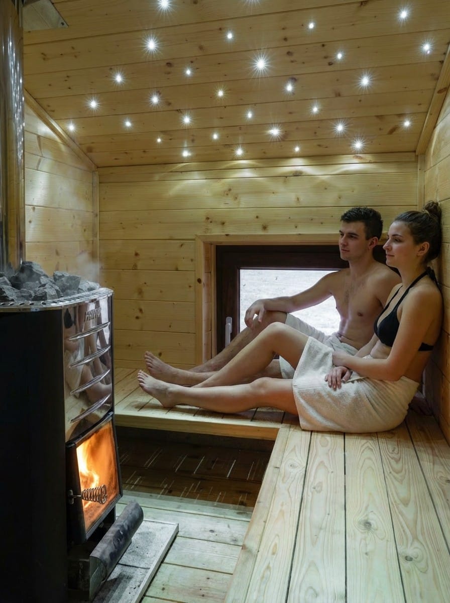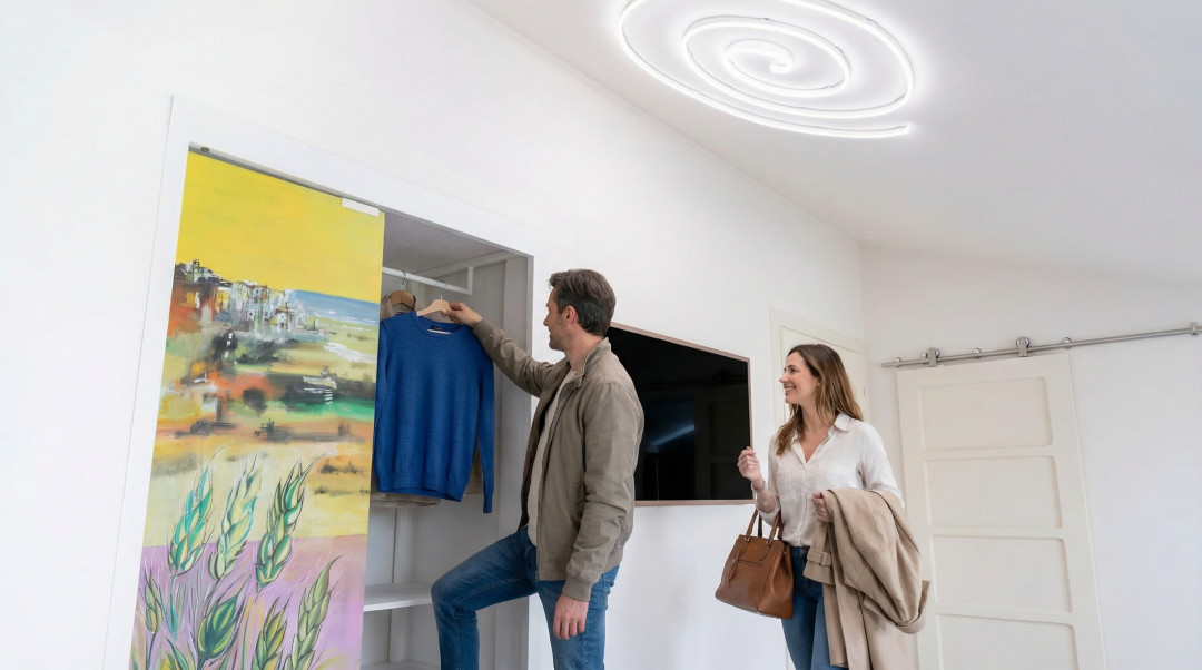 Soffitto sottotetto spiovente e lucernari. Dotata di mini spa privata con sauna a legna in camera, aria condizionata e domotica completa per luci, TV Samsung tipo quadro arte, condizionatori, e porte con apertura tramite codice, impronta o tessera. Letto matrimoniale, frigobar, cassaforte e armadio a muro con ante decorate dall’opera originale 'La vite' di Marco Franchini. Esclusiva mini spa interna include sauna a legna privata per un'esperienza di relax unica. Tavolo con due sedie per cene intime. Comfort esclusivo e design raffinato per un soggiorno indimenticabile. Accesso sicuro con porte ad apertura tramite codice, impronta o tessera.
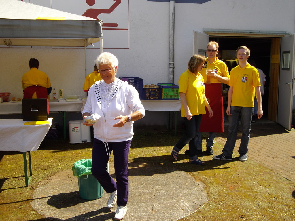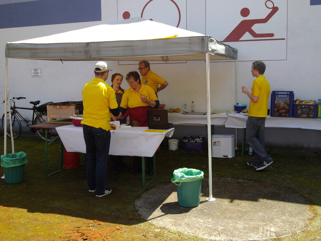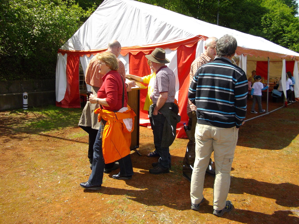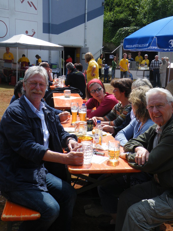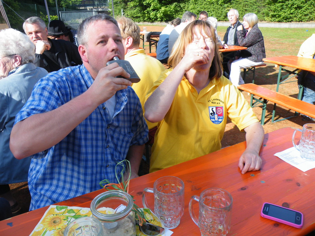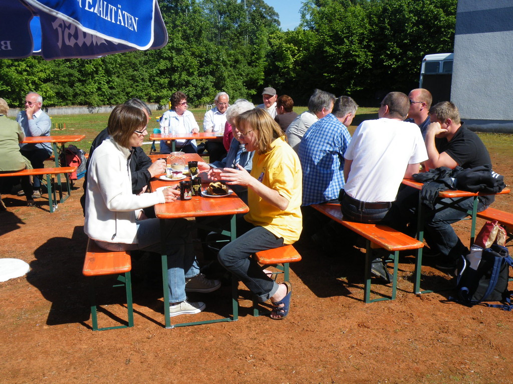 Am 17.05.12 war der TV Laudenbach Ausrichter des diesjährigen Gauwandertages Raum Obernburg/Miltenberg. Obwohl es am Vortag noch so aussah, als würde der Wandertag buchstäblich ins Wasser fallen, strahlte am Donnerstag die Sonne vom Himmel. Bereits kurz nach 12 Uhr trudelten die ersten (Rad)-Wanderer des TV Wörth ein, die bald Unterstützung fanden durch Mitglieder des TV Großwallstadt. Insgesamt konnte der TV Laudenbach acht Vereine (Wörth, Großwallstadt, Kleinheubach, Erlenbach, Trennfurt, Klingenberg, Bürgstadt und Rüdenau) auf dem Turnvereinsgelände begrüßen. Viele der Gauwanderer kamen mit dem Fahrrad – vielleicht auch, um in Laudenbach einen Zwischenstopp zum Anglerfest in Kleinheubach einzulegen. Aber auch per pedes waren doch manche Vereine unterwegs, wie z. B. der TV Kleinheubach und der TV Rüdenau. Am stärksten vertreten war der TV Rüdenau mit 25 Teilnehmern, gefolgt vom TV Trennfurt, der mit 16 Mitgliedern anwesend war. Den 3. Platz in der Wertung belegte der TV Erlenbach mit 10 Personen. Als kleines Dankeschön für die zahlreiche Teilnahme am Gauwandertag bekamen die drei erstplatzierten Vereine jeweils ein Körbchen mit 5 kg, 3 kg bzw. 1 kg Äpfeln überreicht. Zumindest mit 5 bzw. 3 kg hätte das schon einen schönen Apfelkuchen gegeben, was manche jedoch nicht davon abhielt, die Äpfel gleich an Ort und Stelle zu verzehren.
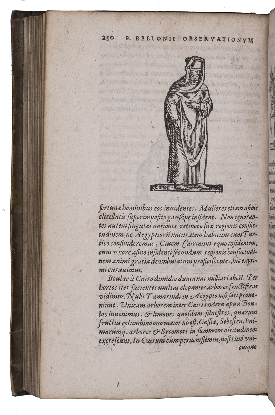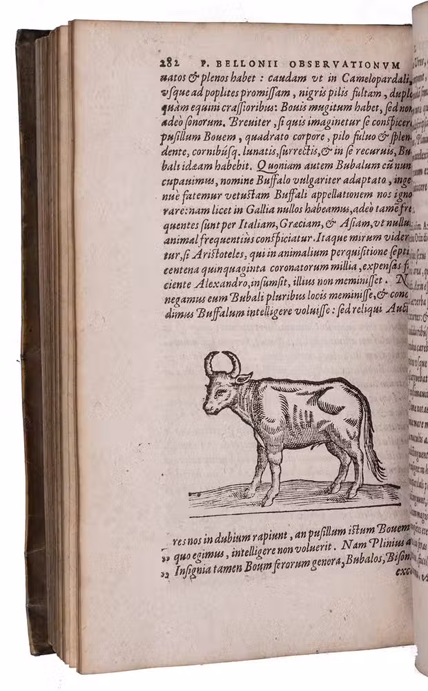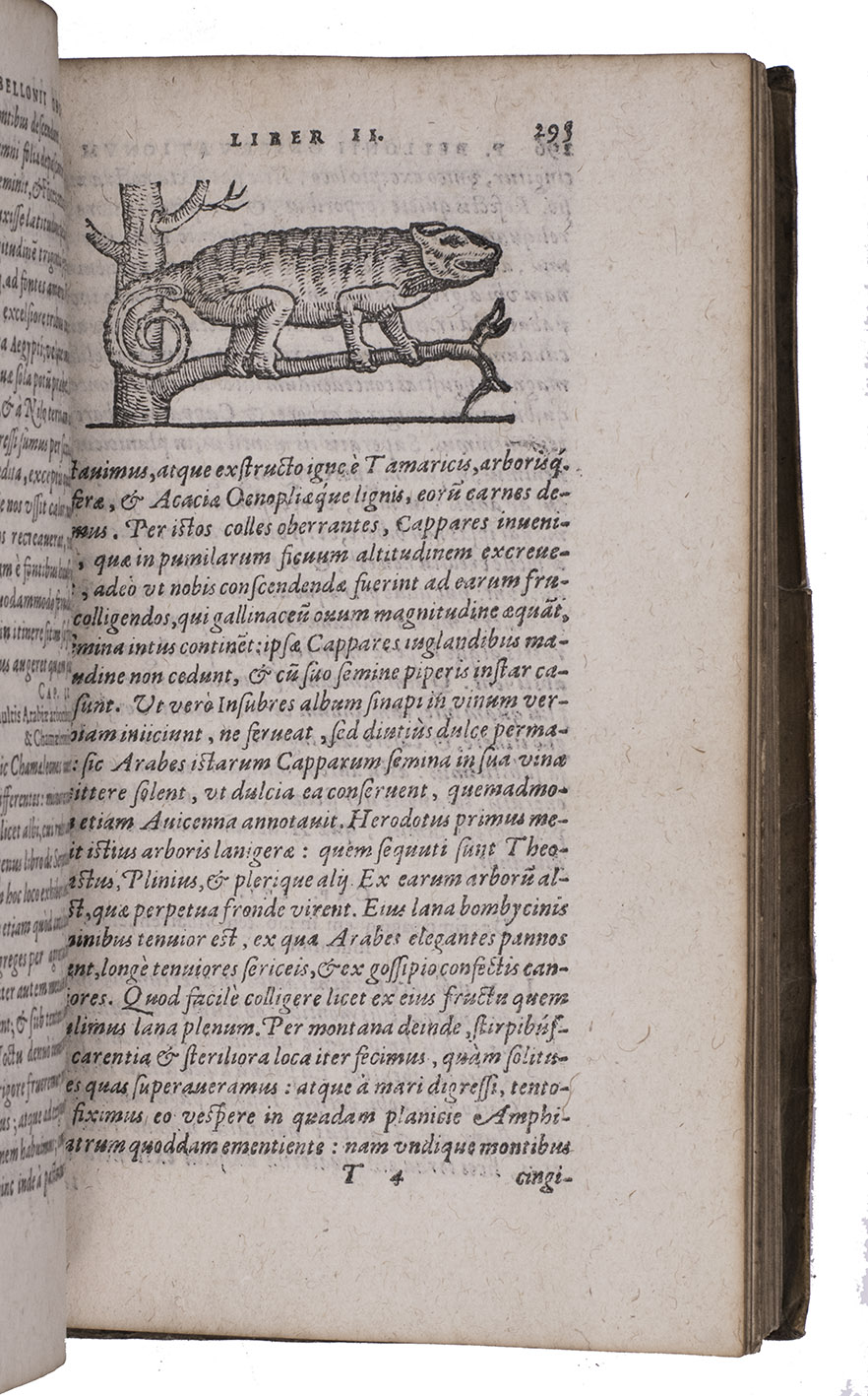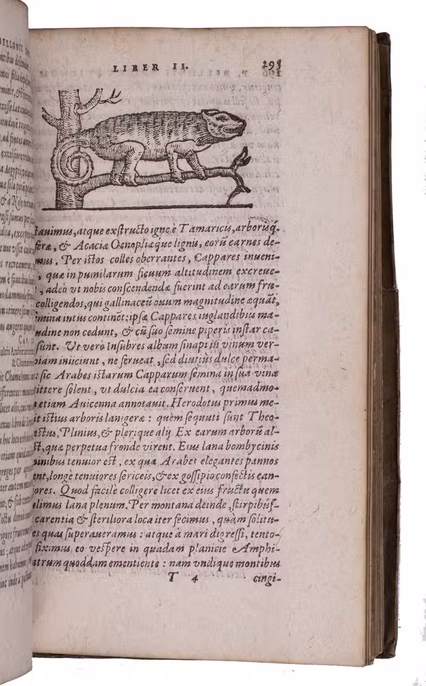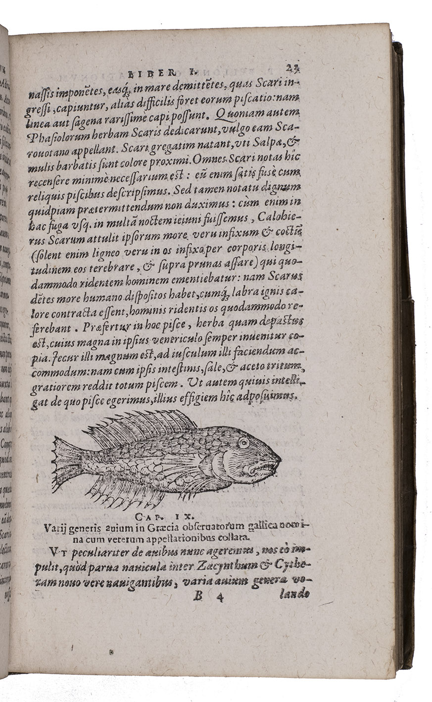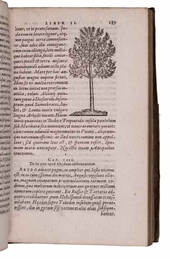Belon's account of his voyage through the Levant, here in the first Latin edition, by Christoffel Plantin translated (from Plantins 1555 edition in the original French) and with a few additional notes by the great botanist Carolus Clusius, formerly director of the botanical garden of the Holy Roman Emperor Maximilian II at Vienna and later that of Leiden University. From 1546 to 1549 the famous French naturalist Pierre Belon (or Bellon, Belon du Mans; 1517-1564) made a journey through Greece, the Greek Islands, Alexandria, Lower Egypt, Judea, Lebanon, Syria, Turkey and back to Rome. His original intention was to study the indigenous plants, because he had read much about their medicinal value. He also made notes on the religion and customs of the local population and on ancient buildings and other antiquities. He published his findings under the title Les Observations de Plusieurs singularitez & choses memorables, trouvées en Grèce, Asie, Iudée, Egypte, Arabie, & autres pays estranges ... (Paris, 1553). The work received wide attention and Plantin published the first edition outside Paris (Antwerp, 1555): one of the first books he published. Pieter van der Borcht and the woodblock cutter Gerard Janssen van Kampen made the present woodcuts for the present edition after those of Plantin's French edition of 1555 (whose woodcuts had been sold at an auction in 1562). They depict plants and trees, animals, a map of Turkey and a view of Alexandria. Plantins grandson, successor to his Leiden office, published a second Latin edition in 1605. Clusius also translated the second work into Latin, from the first French edition of Belons Les remonstrances sur le default du labour et culture des plantes, et de la connoissance d'icelles, contenant la maniere d'affranchir et apprivoiser les arbres sauvages (Paris 1558). It discusses exotic trees that might be introduced into France.

TASK PROMPT |
This exercise asks for an exact copy of the lines from the first one in the data through the line that contains "Am 17.05.12 war", pictures excluded.

RESULT |
 Soffitto sottotetto spiovente e lucernari. Dotata di mini spa privata con sauna a legna in camera, aria condizionata e domotica completa per luci, TV Samsung tipo quadro arte, condizionatori, e porte con apertura tramite codice, impronta o tessera. Letto matrimoniale, frigobar, cassaforte e armadio a muro con ante decorate dall’opera originale 'La vite' di Marco Franchini. Esclusiva mini spa interna include sauna a legna privata per un'esperienza di relax unica. Tavolo con due sedie per cene intime. Comfort esclusivo e design raffinato per un soggiorno indimenticabile. Accesso sicuro con porte ad apertura tramite codice, impronta o tessera.
 Am 17.05.12 war der TV Laudenbach Ausrichter des diesjährigen Gauwandertages Raum Obernburg/Miltenberg. Obwohl es am Vortag noch so aussah, als würde der Wandertag buchstäblich ins Wasser fallen, strahlte am Donnerstag die Sonne vom Himmel. Bereits kurz nach 12 Uhr trudelten die ersten (Rad)-Wanderer des TV Wörth ein, die bald Unterstützung fanden durch Mitglieder des TV Großwallstadt. Insgesamt konnte der TV Laudenbach acht Vereine (Wörth, Großwallstadt, Kleinheubach, Erlenbach, Trennfurt, Klingenberg, Bürgstadt und Rüdenau) auf dem Turnvereinsgelände begrüßen. Viele der Gauwanderer kamen mit dem Fahrrad – vielleicht auch, um in Laudenbach einen Zwischenstopp zum Anglerfest in Kleinheubach einzulegen. Aber auch per pedes waren doch manche Vereine unterwegs, wie z. B. der TV Kleinheubach und der TV Rüdenau. Am stärksten vertreten war der TV Rüdenau mit 25 Teilnehmern, gefolgt vom TV Trennfurt, der mit 16 Mitgliedern anwesend war. Den 3. Platz in der Wertung belegte der TV Erlenbach mit 10 Personen. Als kleines Dankeschön für die zahlreiche Teilnahme am Gauwandertag bekamen die drei erstplatzierten Vereine jeweils ein Körbchen mit 5 kg, 3 kg bzw. 1 kg Äpfeln überreicht. Zumindest mit 5 bzw. 3 kg hätte das schon einen schönen Apfelkuchen gegeben, was manche jedoch nicht davon abhielt, die Äpfel gleich an Ort und Stelle zu verzehren.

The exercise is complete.